Yep, TJ, them's the ones

to clarify, I think the equipment stocks are both more cyclical, and more richly valued. later this year I may very well be long some semi names and short some equipment names.

for now though, yes, I think the CSFB guy and the other couple pessimists quoted in the SS piece have got it wrong. if you want to stack up the credibility of the CSFB guy against Morris Chang, it's no contest - in terms of experience, and particularly in terms of current insight into order books and the tone of business and demand. Although I will say, however foolish the CSFB guy may be for thinking he sees the industry better than Chang, he certainly doesn't lack for chutzpah.

The problem with some of the more pessimistic guys is they're just working theoretical numbers and trying to match them against previous cycles -- as though it was purely a quantitative exercise that required no interpretation.

It reminds me of the kid who knows how to mimic the words the adults are saying, but has no idea what they really mean. When trying to then use them in sentences without real understanding of meaning, final language output is bound to get mangled and screwed up.

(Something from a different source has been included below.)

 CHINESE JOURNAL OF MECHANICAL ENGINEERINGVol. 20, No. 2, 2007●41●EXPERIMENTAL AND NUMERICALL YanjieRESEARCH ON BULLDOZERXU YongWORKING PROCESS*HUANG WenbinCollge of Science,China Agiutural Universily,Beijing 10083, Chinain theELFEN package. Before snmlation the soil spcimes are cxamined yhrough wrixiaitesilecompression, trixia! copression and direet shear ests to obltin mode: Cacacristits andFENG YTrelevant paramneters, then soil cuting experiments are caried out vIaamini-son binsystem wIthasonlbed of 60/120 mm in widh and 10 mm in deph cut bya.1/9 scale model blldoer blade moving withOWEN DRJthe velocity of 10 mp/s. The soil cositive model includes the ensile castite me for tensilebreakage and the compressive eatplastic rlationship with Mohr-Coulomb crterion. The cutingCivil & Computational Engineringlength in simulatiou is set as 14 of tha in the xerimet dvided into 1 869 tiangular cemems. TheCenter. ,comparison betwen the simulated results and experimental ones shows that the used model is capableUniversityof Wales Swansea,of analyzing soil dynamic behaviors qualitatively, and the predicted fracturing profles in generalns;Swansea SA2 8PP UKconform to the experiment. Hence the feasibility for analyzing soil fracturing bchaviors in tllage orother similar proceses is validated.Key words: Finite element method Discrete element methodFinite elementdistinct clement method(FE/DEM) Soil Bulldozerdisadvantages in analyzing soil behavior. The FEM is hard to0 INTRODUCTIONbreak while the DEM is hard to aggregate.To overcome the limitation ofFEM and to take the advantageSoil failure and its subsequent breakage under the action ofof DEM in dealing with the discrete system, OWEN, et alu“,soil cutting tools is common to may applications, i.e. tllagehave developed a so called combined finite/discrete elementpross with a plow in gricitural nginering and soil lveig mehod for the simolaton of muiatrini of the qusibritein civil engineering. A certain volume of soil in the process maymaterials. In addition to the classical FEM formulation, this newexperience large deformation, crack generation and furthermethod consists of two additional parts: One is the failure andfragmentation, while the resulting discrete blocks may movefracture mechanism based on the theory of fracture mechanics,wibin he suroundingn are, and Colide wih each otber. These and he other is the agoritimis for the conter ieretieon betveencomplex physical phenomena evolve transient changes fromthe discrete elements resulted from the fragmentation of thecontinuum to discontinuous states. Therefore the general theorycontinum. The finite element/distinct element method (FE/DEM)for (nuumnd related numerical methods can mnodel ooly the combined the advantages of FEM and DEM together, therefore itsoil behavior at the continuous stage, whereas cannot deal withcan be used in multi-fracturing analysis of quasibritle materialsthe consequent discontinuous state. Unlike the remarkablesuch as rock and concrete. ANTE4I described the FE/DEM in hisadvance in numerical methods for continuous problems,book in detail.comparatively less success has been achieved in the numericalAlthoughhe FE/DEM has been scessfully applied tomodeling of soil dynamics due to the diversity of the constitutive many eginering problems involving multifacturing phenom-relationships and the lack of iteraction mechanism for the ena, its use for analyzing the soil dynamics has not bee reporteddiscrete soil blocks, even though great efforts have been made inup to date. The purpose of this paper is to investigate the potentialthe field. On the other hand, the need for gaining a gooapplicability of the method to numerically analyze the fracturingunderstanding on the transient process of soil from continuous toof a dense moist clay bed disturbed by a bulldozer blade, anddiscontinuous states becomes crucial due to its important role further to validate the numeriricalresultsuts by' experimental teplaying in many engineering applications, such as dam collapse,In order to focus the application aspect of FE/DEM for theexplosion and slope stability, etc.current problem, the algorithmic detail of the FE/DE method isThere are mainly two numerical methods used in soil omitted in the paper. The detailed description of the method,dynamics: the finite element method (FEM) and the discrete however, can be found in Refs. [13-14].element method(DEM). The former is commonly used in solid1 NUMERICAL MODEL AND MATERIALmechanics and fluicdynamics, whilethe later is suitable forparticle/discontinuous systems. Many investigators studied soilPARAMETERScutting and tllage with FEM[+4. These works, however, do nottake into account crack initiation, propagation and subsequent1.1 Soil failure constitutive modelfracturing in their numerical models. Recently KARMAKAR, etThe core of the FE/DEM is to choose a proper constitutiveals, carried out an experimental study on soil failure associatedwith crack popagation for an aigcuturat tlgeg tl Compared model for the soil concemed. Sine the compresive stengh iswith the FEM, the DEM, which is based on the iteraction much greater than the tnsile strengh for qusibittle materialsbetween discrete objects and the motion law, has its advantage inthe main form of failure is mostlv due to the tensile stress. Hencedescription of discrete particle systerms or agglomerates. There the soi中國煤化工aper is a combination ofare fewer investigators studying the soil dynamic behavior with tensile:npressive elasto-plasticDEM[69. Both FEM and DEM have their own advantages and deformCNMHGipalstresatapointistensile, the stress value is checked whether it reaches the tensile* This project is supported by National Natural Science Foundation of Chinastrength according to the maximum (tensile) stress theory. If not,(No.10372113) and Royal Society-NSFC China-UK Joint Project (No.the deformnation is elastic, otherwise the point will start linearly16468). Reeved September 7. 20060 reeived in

Historically, rapidly rising prices and maximum capacity utilization has come within 3-6 months of the cycle peak. But the characteristics of this cycle are different than past cycles, most specifically because capacity hasn't been added on with the reckless abandon of past cycles. More importantly, the demand side of the equation simply doesn't exhibit the characteristics it would near a peak. We don't see accelerated and exaggerated end-demand projections being used to drive parabolic increases in orders. The price increases are more the product of starved production and relatively slower rate of changeover from 200 mm to 300 mm (and .18 to .13 and .13 to .09).

I think we'll see this cycle last well into 2005, likely second half. So perhaps Chang is a bit optimistic. But I also think this cycle will be notable for its lack of amplitude relative to past cycles. I expect the relative peak to be lower, but also the "fall back" to be less devastating.

FWIW, just one man's opinion. But I would pay more attention the metrics and assumptions used by these analysts to come up with their pronouncements, than the pronouncements themselves, then make your own judgement based on what you think are the reasonable metrics.